** Opening Records for the task block **

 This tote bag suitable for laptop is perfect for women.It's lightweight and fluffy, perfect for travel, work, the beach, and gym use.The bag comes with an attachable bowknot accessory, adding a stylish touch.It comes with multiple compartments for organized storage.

** Closing Records for the task block **
** Opening Records for the task block **

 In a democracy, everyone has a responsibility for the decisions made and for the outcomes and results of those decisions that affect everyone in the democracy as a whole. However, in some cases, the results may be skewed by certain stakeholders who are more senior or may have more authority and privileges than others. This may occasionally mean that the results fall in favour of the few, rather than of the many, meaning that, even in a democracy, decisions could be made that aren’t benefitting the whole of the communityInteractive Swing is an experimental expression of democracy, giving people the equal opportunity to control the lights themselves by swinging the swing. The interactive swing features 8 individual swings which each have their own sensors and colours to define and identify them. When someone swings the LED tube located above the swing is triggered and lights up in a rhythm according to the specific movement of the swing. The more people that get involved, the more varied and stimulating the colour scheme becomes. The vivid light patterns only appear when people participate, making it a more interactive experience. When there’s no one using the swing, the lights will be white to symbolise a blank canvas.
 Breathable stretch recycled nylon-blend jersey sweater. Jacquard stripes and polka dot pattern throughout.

** Closing Records for the task block **

Your task for the entries above: copy exactly the span starting with the line with "In a democracy, everyone" and going on through the line with "Breathable stretch recycled", both lines included, and nothing else.

 In a democracy, everyone has a responsibility for the decisions made and for the outcomes and results of those decisions that affect everyone in the democracy as a whole. However, in some cases, the results may be skewed by certain stakeholders who are more senior or may have more authority and privileges than others. This may occasionally mean that the results fall in favour of the few, rather than of the many, meaning that, even in a democracy, decisions could be made that aren’t benefitting the whole of the communityInteractive Swing is an experimental expression of democracy, giving people the equal opportunity to control the lights themselves by swinging the swing. The interactive swing features 8 individual swings which each have their own sensors and colours to define and identify them. When someone swings the LED tube located above the swing is triggered and lights up in a rhythm according to the specific movement of the swing. The more people that get involved, the more varied and stimulating the colour scheme becomes. The vivid light patterns only appear when people participate, making it a more interactive experience. When there’s no one using the swing, the lights will be white to symbolise a blank canvas.
 Breathable stretch recycled nylon-blend jersey sweater. Jacquard stripes and polka dot pattern throughout.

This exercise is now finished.